On the other side of the care spectrum, the role of the intensive care provider also can be improved. White and Curtis (2005) studied the need and the impact of shared decision- making on critically ill ICU patients. They found that while involving families in end-of-life decisions is a complex task that requires excellent communication skills, the more time spent with families discussing and explain the issues, the higher the family satisfaction. The hospital where Ms. Smith died was the average institution with an organizational structure that included a Chief Medical Officer and Medical Directors of each specialty area. There was a Chief Nursing Officer as well as Nursing Administrators responsible for the care of patients. They had been very focused on treating illness, and considered themselves successful. The review by the improvement team helped them to see that they needed to change their perspective and consider less paternalistic alternatives to caring for patients at the end-of-life.
These alternatives usually save cost as well as providing better care at end-of-life. The reimbursement for palliative care programs has been slow, and this has prompted many hospitals to team up with local hospice programs or nursing facilities to decrease cost. Palliative care has been shown to extend the life of patients, reduce cost, and be more satisfying to the patient and family. Multidisciplinary teams that include physicians, nurses, social workers, psychologists, and spiritual counselors, work together to relieve the suffering, pain, depression, and stress that is often a part of chronic illness. These teams may also include nutritionists and therapist when needed by the individual patient. These programs listen to even the simple requests of patients and families. They work with the patient to get them to the best environment for them and to allow them dignity and control at the end of life. These teams are also moving to the outpatient area to prevent or decrease hospital admission and improve quality of life (Cantlupe, 2013).
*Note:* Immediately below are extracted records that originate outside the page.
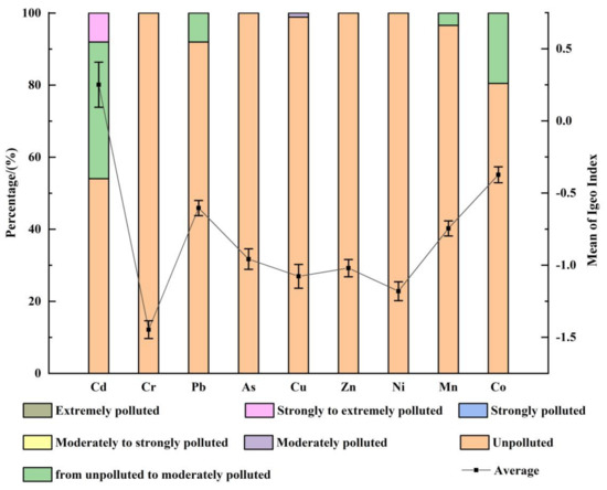 The pollution of heavy metals in the surface soil of the region around Qinghai Lake is Cd (0.25) > Co (−0.37) > Pb (−0.60) > Mn (−0.75) > As (−0.96) > Zn (−1.02) > Cu (−1.08) > Ni (−1.18) > Cr (−1.45) (as shown in Figure 3). In the region around Qinghai Lake, the surface soil is mainly polluted by the heavy metal Cd, the overall pollution level is mild and 37.93% and 8.05% of the sampling points are subject to no pollution–moderate pollution and to severe–extreme pollution, respectively. In addition, the other eight heavy metals are not found to have pollution on the whole. However, some sampling points are subject to no pollution–moderation pollution by heavy metals except Cr, and one sampling point is subject to moderate pollution by Cu.
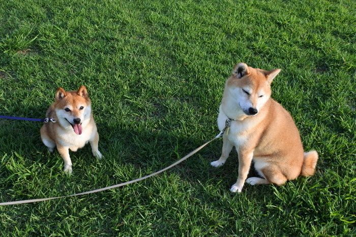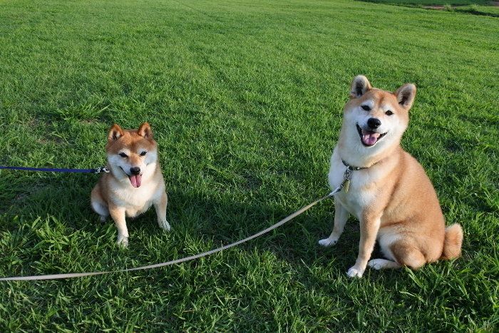 ヤマトくんだけじゃ大きさの違いがわからないと思いますが、豆柴のヤマトくんとマロたんが並ぶとこう。マロたんの大きさが一層際立ちます。
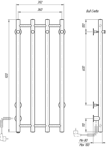 Комплектация: полотенцесушитель, кронштейн (4 шт.), комплект для скрытого подключения, провод с вилкой.
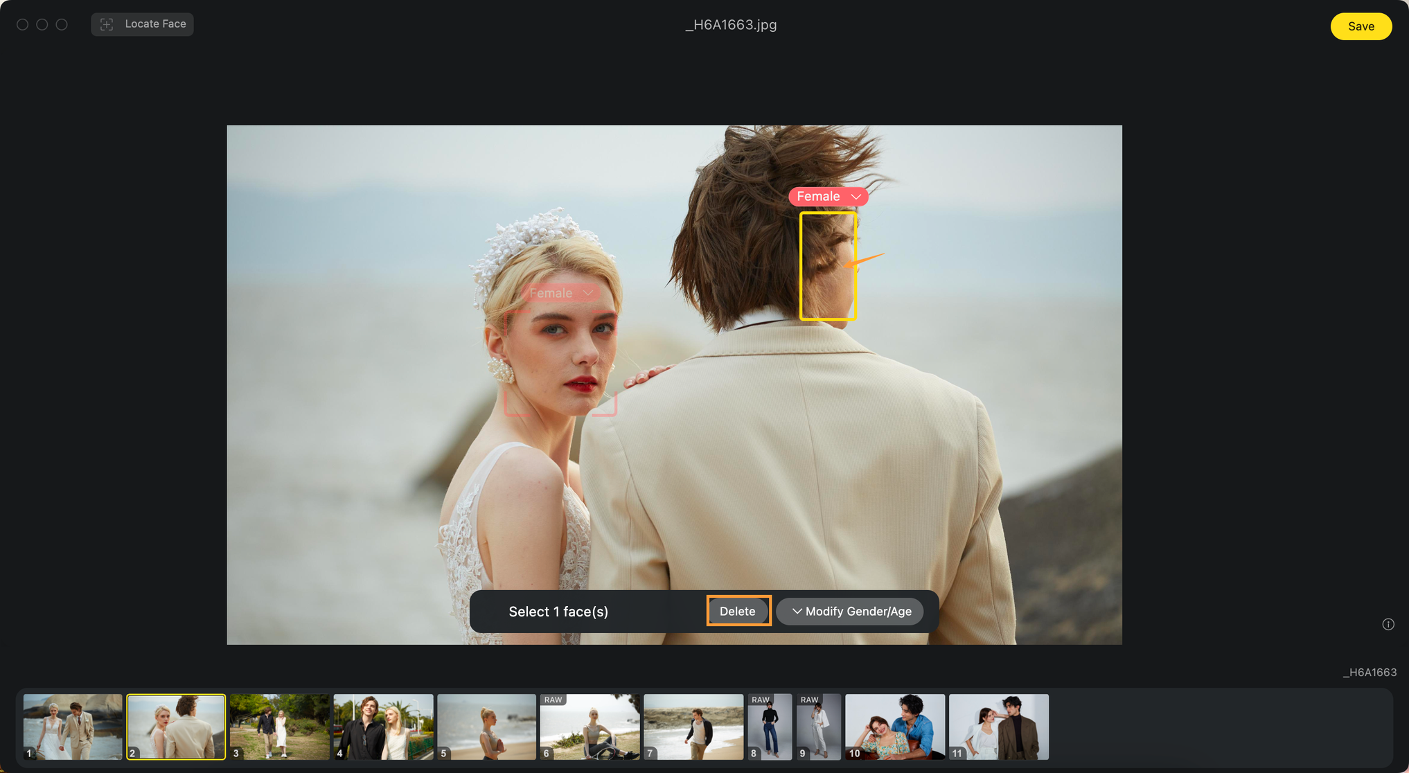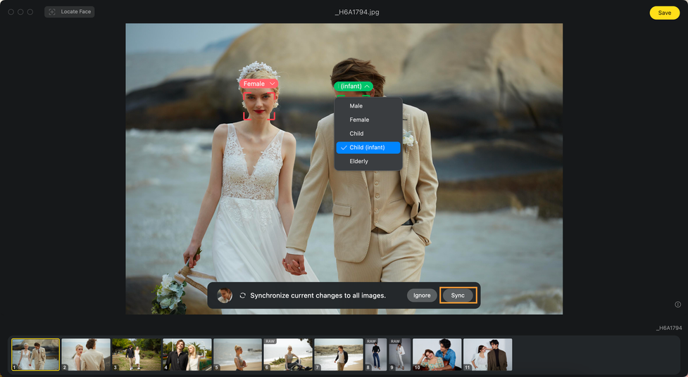 Evotoはインポートされた写真を自動的に分析し、写っている人物の性別と年齢を識別して、それぞれに合わせたキャラクタータグを生成します。この機能により、異なる性別や年齢のキャラクターに対して適切な修正が可能で、修正が完了した際には、性別や年齢に基づく変更を複数の画像に対して一括で同期することができます。このバッチ同期機能により、複数の画像を同時に処理することができ、作業効率が向上し、迅速かつ正確に同じ修正や調整を適用することが可能です。さらに、単一の人物の調整やその修正結果のバッチ同期もできます。
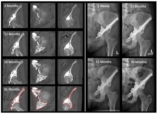 (Left panel) Progressive CT imaging showing coronal, axial, and sagittal regions of interest (femur was not included in region of interest selection). Red outline indicates the region of interest used in measurement. (Right panel) Progressive plain X-ray radiographs of similar time points. Throughout the post-operative period, the patient exhibited continual visceral organ cancer progression as well as documented skeletal disease progression in the pelvis, femur, sacrum, spine, and humerus. Patient received additional skeletal surgery in the humerus, contralateral acetabulum/femur region, and sacrum. Patient received 30 Gy in 10 fractions of radiation therapy, chemotherapy, and bisphosphonate regiments. Patient is alive and ambulating well at time of study censure. Measured bone mass change between 2 months and 31 months of 35.6% on 3D volumetric grayscale and 2D coronal, axial, and sagittal of 45.9%, 209.5%, and 34.6%, respectively.
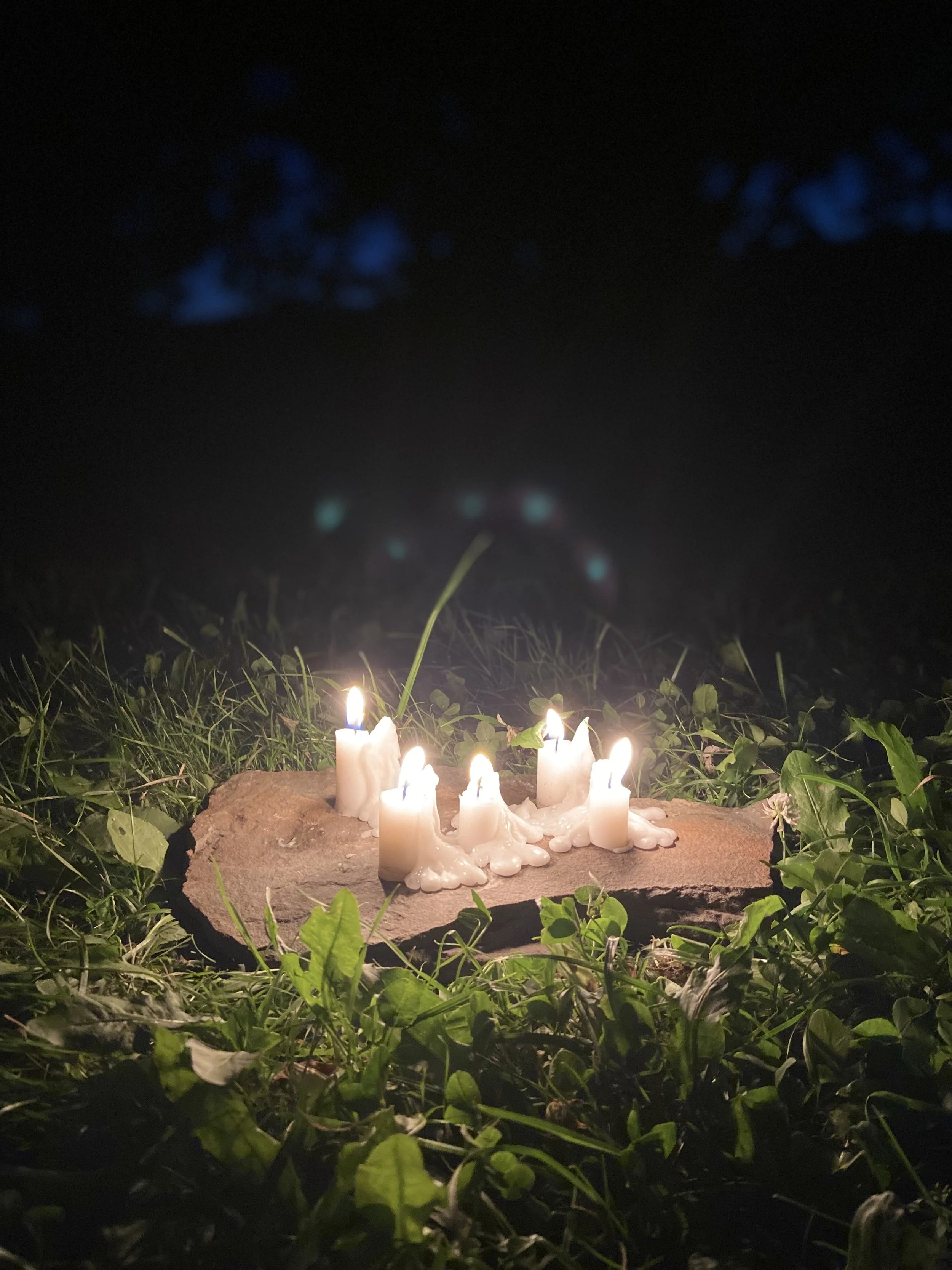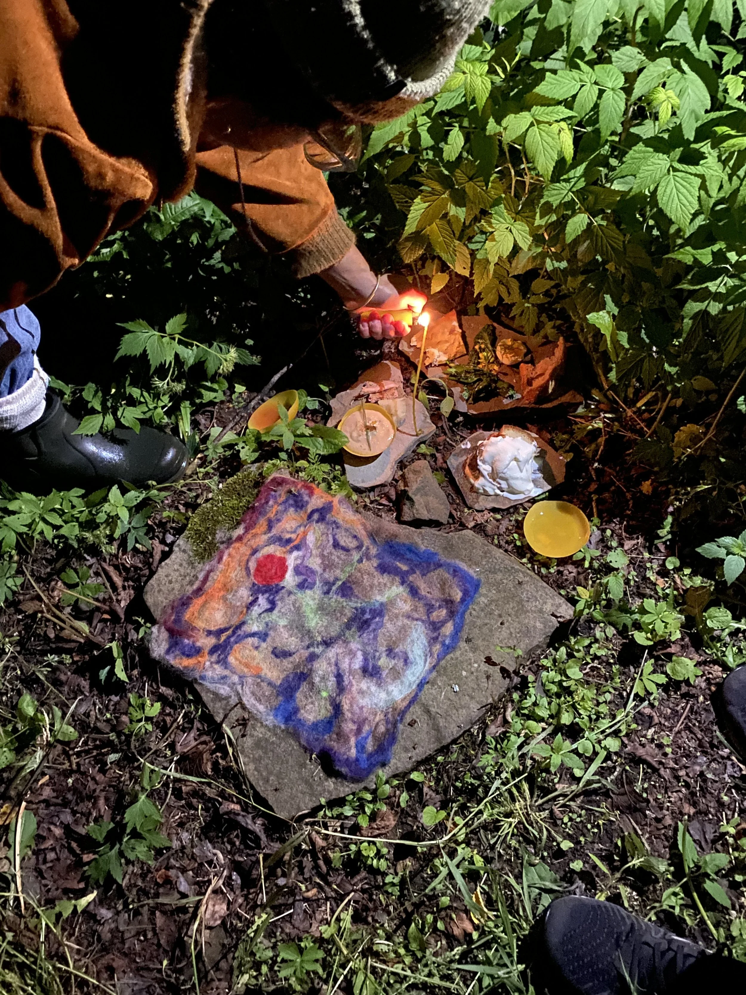 The day after the Solstice Feast, I prepared a few small plates of food from the meal we ate together, to make an offering to the land and the beings present. I walked into trees and placed the offering and poured libations of water and drink. I lit a candle. I sang to the plants, the sky, the land, the waters, the animals, the insects, the web of all beings. I made an offering with smoke, over myself, in the directions, into the sky, into the land, the smoke carrying my thanks, my recognition that yes, we are together in this creation, in this place, at this time.
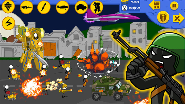 使用了火柴人的游戏形象,非常受人喜爱,游戏中我们控制着自己的火柴人在街道上到处搜寻道具,当然街道上还有其它的敌军火柴人,可以与之作战
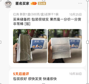 小海豚能量立方谷物压缩饼干在京东、淘宝、天猫、拼多多等众多平台销售,获得了一致好评,消费者对食品的味道、质量或其他方面赞赏不已,连连称赞。也由于食品的高品质和好味道,吸引了大量回头客,以下为客户真实评价:
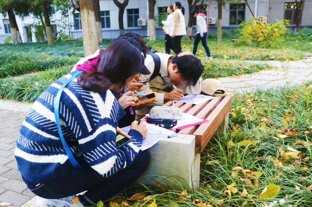 接下来,各小组按照本队计划奔向不同的任务打卡点。有小组来到体育馆并成功找到对象国国旗、有小组梳理北外校史并与校徽合影。活动过半,各队再次相遇,开始练习即将朗诵的诗词,饱含深情的声音在小池塘边不绝于耳。视频录制完毕后,大家进入“四史”答题环节,气氛一下紧张起来,大家都绞尽脑汁力求在这一环节获得满分。而这时,行进速度快的小组已经踏上返回主楼的道路,并沿途搜寻着路旁的落叶作为粘贴画的素材。

Ms. Smith’s hospital should implement a multidisciplinary palliative care team. They should also add education to the program so that the patients and families are better informed about the results of care decisions such as ventilation, hydration, and nutrition. The hospital personnel need to be trained about palliative care and shift their paternalistic approach to a patient-centered approach. It is doubtful that Ms. Smith would have remained in the ICU for two months if there had been a palliative care program in place. She may have been able to transfer to an inpatient hospice center where her family could stay with her, and she would not have died alone and in pain.
Cantlupe, J. (2013, September). A fresh look at end-of-life care. Health Leaders, 12-22. Gastman, C. (2012, September). Nursing ethics perspective on end-of-life care. Nursing Ethics, 19(5), 603-604. Retrieved from http://search.proquest.com.ezproxy.apollolibrary.com/docview/1041054841 Gourdji, Iris. McVey, L., & Purden, M. (2009, Spring). A quality end of life from a palliative care patient’s perspective. Journal of Palliative Care, 25(1), 40-50. Izumi, S., Nagae, H., Sakurai, C., & Imamura, E. (2012, September). Defining end-of-life care from perspectives of nursing ethics. Nursing Ethics, 19(5), 608-616.